◆ YOUR OBJECTIVE ◆
Would you please transcribe, exactly as written, the lines of the entries below starting at the one that holds "Les joueurs qui" and ending at the one that holds "Reloj Redondo Grande", both included?

◆ EXTRACTED DATA ◆
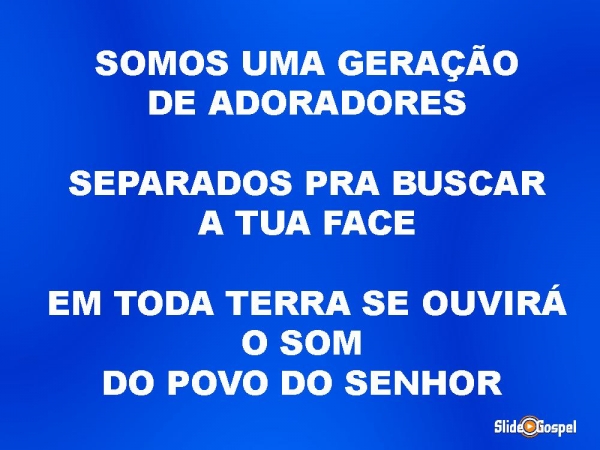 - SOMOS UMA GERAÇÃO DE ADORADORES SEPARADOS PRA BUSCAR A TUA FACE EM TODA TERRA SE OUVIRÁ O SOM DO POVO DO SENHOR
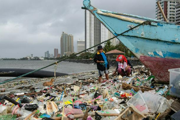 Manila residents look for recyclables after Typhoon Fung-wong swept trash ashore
==
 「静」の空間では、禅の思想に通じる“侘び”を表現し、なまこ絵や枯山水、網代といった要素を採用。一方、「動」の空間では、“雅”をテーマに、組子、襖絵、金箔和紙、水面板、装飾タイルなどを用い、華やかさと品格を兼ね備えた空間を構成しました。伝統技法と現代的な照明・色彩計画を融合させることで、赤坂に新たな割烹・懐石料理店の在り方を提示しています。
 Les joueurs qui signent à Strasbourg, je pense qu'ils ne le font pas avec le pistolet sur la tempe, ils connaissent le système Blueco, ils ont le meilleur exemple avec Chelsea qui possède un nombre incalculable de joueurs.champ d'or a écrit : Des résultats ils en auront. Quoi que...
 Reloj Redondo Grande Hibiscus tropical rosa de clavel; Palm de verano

◆ ANSWER ◆
 Les joueurs qui signent à Strasbourg, je pense qu'ils ne le font pas avec le pistolet sur la tempe, ils connaissent le système Blueco, ils ont le meilleur exemple avec Chelsea qui possède un nombre incalculable de joueurs.champ d'or a écrit : Des résultats ils en auront. Quoi que...
 Reloj Redondo Grande Hibiscus tropical rosa de clavel; Palm de verano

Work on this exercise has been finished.